I have code that is using thread_local buffers and is similar to this:
int func() {
thread_local std::vector<int> buffer;
buffer.resize(0);
for (int i = 0; i < 10000; i++) {
buffer.push_back(i);
}
return processing(buffer);
}
While profiling my code, I noticed that gcc places a call to _tls_get_addr()
inside the loop's body, in order to access buffer
. The disassembly from godbolt of the loop's body looks like this:
lea rbx, -20[rbp]
data16 lea rdi, f()::buffer@tlsgd[rip]
.value 0x6666
rex64
call __tls_get_addr@PLT ; <- This call!
mov rsi, rbx
mov rdi, rax
call std::vector<int, std::allocator<int> >::push_back(int const&)@PLT
These calls are slowing down the loop by a lot. I can manually use this version with references:
int func() {
static thread_local std::vector<int> _buffer;
auto& buffer = _buffer;
buffer.resize(0);
for (int i = 0; i < 10000; i++) {
buffer.push_back(i);
}
return processing(buffer);
}
Which gets rid from the calls to _tls_get_addr()
and solves the slowness.
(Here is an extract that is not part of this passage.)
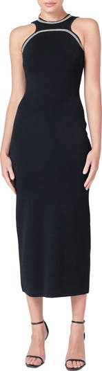 Twinkling rhinestones illuminate the neckline and yoke of this svelte knit dress that brings minimalist, but glam drama to any evening occasion.
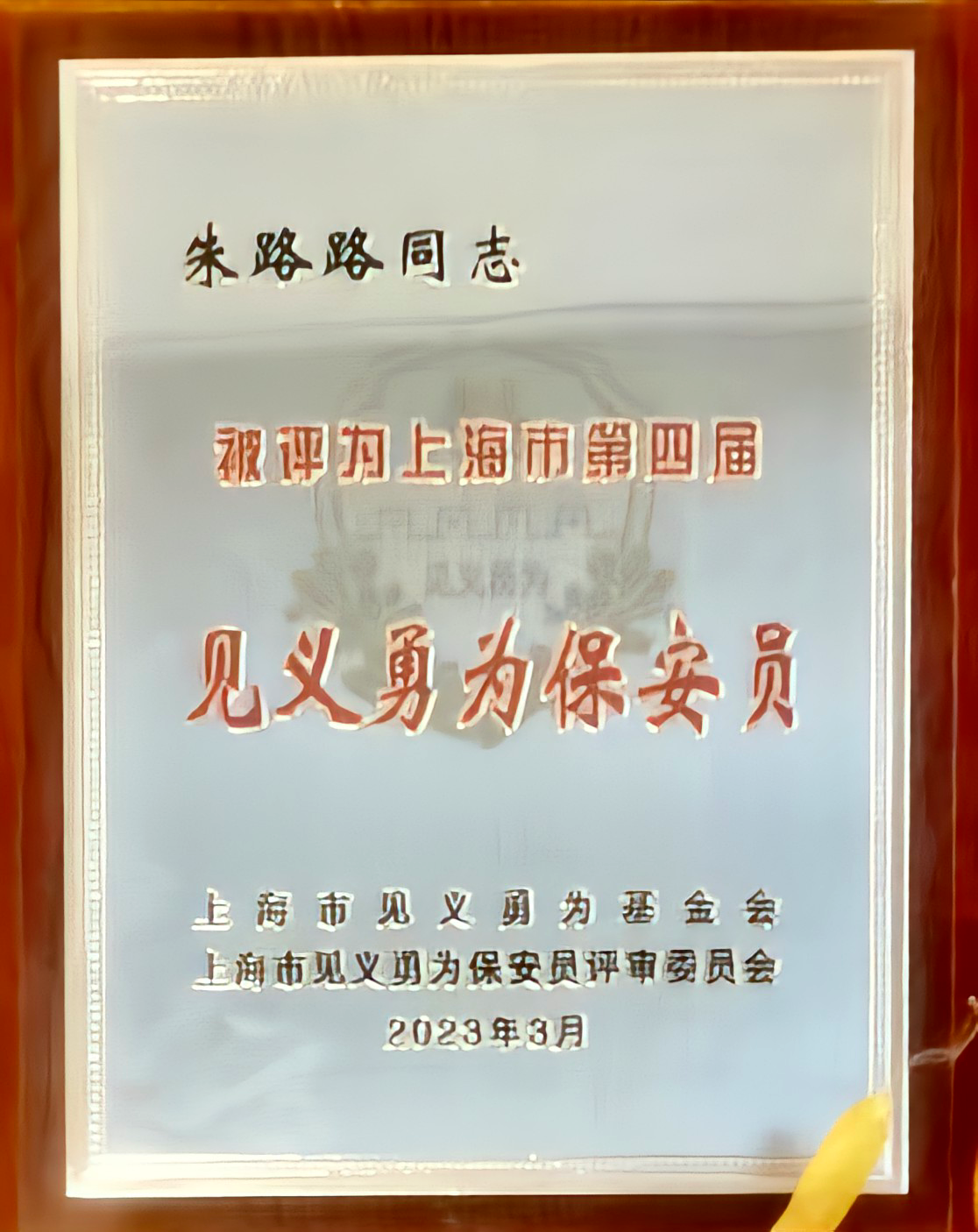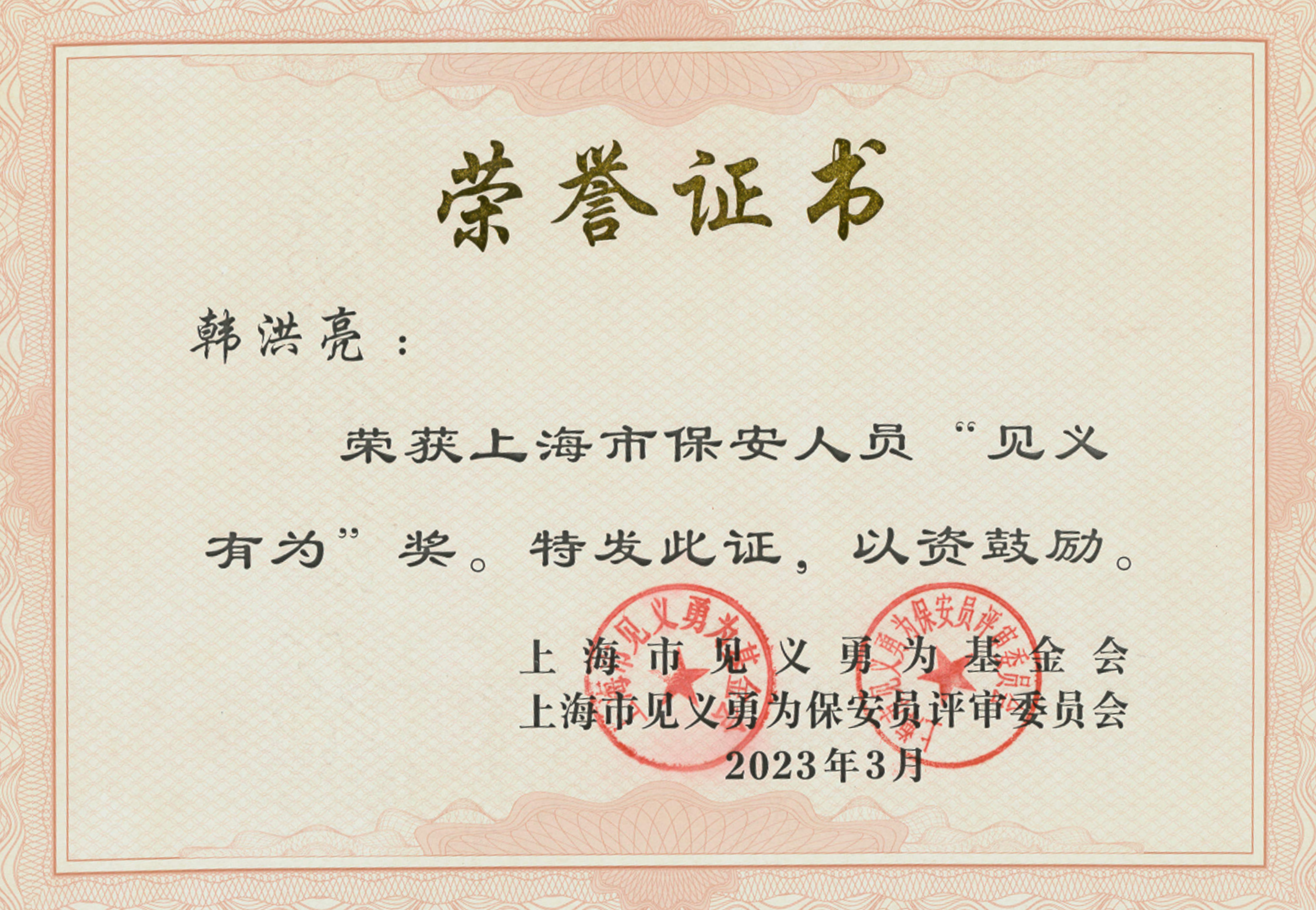 宗保公司員工朱路路、馬凱凱被授予“上海市見義勇為保安員”稱號,韓洪亮榮獲上海市保安人員“見義有為”獎。

It seems really silly that I have to do it manually for each such variable. Why won't gcc cache the result of _tls_get_addr()
automatically? Clang seems to be able to do it with -O3
, so it suggests this a legal optimization that gcc haven't implemented. Is that so?
Changing the tls model to init-exec also eliminates these calls, but my library is usually dynamically loaded as a Python extension so my understanding is this is not possible in that case.